Com quatro letras apenas se escreve o alfabeto da vida: A, T, G e C são as bases azotadas ou nitrogenadas que compõem a molécula de ADN. Foi assim ao longo de milhões de anos até que, em 2012, e depois de 15 anos de trabalho, com muitas tentativas e quase outros tantos erros, o cientista do Instituto Scripps, na Califórnia, Floyd Romesberg, conseguiu criar duas novas bases totalmente sintéticas. Chamou-lhes X e Y e, em 2014, meteu-as na estrutura de ADN de uma bactéria, a E. coli. Surgiu, assim, o primeiro organismo vivo semissintético, “escrito” com seis letras, em vez das quatro presente em toda a vida.
Esta expansão do alfabeto do genoma abre um capítulo novo na Ciência, oferecendo inúmeras possibilidades na criação de proteínas. Com as quatro bases azotadas, os organismos vivos conseguiam produzir 20 aminoácidos diferentes. Por sua vez, estes aminoácidos são os blocos construtores das proteínas, as moléculas biológicas essenciais em todos os processos celulares. Estão envolvidas na saúde e, claro está, na doença também.
Portanto, a ideia de Floyd Romesberg – que, entretanto, fundou a empresa Synthorx – é usar esta capacidade de criar novas proteínas para corrigir alterações na maquinaria celular, as quais ocorrem em casos de cancro ou de patologias autoimunes. Os trabalhos pré-clínicos correram bem, e a empresa já fala em começar os primeiros testes em humanos. O principal candidato será uma molécula modificada de Interleucina 2, um importante mediador da imunidade do organismo. A nova molécula não natural, designada THOR-707 e produzida a partir dos seis aminoácidos, apresenta os mesmos benefícios ao nível da regulação do sistema imunitário, com efeitos secundários muito mais bem tolerados. Será testada em vários tipos de tumores, como terapia única e em combinação com outras imunoterapias.
“Conseguimos demonstrar que o nosso par de bases não só pode ser replicado, e mantido no genoma das bactérias, mas também que as bactérias podem ser usadas para produzir proteínas com mais de 20 aminoácidos”, explicou o cientista, ao receber o prémio da Royal Society de Química, no ano passado.
Brincar aos deuses
Apesar de ser um químico respeitado pelos pares, Romesberg tem enfrentado alguma crítica da sociedade civil e também da comunidade científica. Acusam-no de brincar aos deuses, de estar a criar seres do outro mundo. “A bactéria [semissintética] alimenta-se da sequência X, Y, o par de bases artificiais que não existe na Natureza. Por isso, fora do ambiente de laboratório que criámos, não sobreviveria”, explicou ao diário digital chileno El Mostrador, durante uma conferência na semana passada.

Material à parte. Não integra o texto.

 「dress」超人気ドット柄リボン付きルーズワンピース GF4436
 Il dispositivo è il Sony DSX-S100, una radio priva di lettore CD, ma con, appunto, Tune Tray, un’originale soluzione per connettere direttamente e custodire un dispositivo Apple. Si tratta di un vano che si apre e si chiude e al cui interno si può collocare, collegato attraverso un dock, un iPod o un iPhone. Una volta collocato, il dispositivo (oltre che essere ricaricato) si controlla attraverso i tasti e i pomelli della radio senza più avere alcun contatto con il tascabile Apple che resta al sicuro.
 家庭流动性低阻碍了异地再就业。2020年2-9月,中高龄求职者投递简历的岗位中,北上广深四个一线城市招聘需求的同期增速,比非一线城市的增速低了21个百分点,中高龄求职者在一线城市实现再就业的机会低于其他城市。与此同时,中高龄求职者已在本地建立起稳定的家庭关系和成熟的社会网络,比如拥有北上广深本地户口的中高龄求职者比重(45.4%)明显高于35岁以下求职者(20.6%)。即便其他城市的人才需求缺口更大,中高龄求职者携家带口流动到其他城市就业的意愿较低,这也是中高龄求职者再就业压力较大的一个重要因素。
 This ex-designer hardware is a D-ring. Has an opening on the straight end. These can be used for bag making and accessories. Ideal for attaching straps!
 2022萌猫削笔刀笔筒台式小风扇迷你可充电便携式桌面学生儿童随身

Mesmo que consiga incluir as novas bases num ser mais complexo, como é o caso do verme C. elegans, o risco é nulo, assegura o cientista, porque, tal como as bactérias, assim que deixasse de ser “alimentado” com X, Y, o verme morreria. Neste caso, o objetivo da experiência é verificar qual o efeito da introdução das bases sintéticas no comportamento do nemátodo transparente – por exemplo: se sofre alteração nas suas propriedades, como a resistência à luz, velocidade ou forma de reprodução.
O trabalho de Romesberg é o expoente máximo da chamada Biologia Sintética. Craig Venter, famoso pelo seu envolvimento no projeto de descodificação do genoma humano, também está na frente, com a construção em laboratório de uma bactéria. Neste caso, Venter e a sua equipa usaram as bases já conhecidas para montar todo o genoma da Mycoplasma mycoides. Criaram de raiz os 100 milhões de pares de bases, montando peça a peça, como uma construção de legos.

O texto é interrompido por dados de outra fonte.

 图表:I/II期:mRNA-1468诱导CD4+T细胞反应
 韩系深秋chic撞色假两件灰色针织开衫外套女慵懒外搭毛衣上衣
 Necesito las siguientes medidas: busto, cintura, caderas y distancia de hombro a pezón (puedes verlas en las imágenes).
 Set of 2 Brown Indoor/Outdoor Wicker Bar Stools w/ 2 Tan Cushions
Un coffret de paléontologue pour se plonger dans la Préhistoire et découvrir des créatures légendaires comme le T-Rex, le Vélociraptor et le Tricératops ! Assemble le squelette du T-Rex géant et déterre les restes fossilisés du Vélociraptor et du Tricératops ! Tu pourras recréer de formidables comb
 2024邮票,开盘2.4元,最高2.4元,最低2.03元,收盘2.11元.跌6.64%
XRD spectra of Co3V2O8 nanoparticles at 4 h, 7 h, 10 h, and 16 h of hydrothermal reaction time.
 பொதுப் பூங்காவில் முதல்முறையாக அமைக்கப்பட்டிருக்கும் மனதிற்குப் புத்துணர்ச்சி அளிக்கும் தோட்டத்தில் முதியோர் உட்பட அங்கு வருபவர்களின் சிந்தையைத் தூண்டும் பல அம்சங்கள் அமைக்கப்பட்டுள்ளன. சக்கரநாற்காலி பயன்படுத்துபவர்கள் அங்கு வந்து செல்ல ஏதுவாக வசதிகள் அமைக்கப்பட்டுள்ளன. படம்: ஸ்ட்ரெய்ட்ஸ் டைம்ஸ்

“A capacidade de escrever o software da vida vai dar origem a uma nova era na Ciência. Com isto, surgirão novos produtos e aplicações, tais como biocombustíveis, vacinas e medicamentos”, explica-se no site do Instituto Craig Venter. No fundo, o objetivo é utilizar bactérias, ou outros organismos nomeadamente o C. elegans, como fábrica para a produção de moléculas que nos interessem. Um processo que é usado, por exemplo, para a síntese de insulina, mas que, com esta capacidade de manipulação, pode chegar muito mais longe.

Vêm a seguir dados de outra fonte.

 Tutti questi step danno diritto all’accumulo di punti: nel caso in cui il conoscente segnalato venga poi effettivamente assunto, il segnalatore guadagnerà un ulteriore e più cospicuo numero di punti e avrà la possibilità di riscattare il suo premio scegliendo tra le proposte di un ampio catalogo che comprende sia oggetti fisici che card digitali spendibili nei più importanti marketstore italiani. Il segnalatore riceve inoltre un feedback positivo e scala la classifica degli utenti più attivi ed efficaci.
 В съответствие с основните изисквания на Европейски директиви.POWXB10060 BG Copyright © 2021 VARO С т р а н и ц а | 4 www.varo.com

Em Portugal, a empresa SilicoLife, com sede em Braga, combina métodos de Inteligência Artificial para desenhar bactérias e leveduras, de forma a produzir compostos de interesse industrial. Graças a esta solução é possível substituir processos que tradicionalmente usam petróleo, o que se traduz “num menor custo ambiental”, como explica o CEO da biotecnológica, Simão Soares. Plásticos para a indústria automóvel, feitos a partir de resíduos da pasta de papel, é um dos exemplos de aplicação made in Minho. O futuro pode ser um lugar melhor.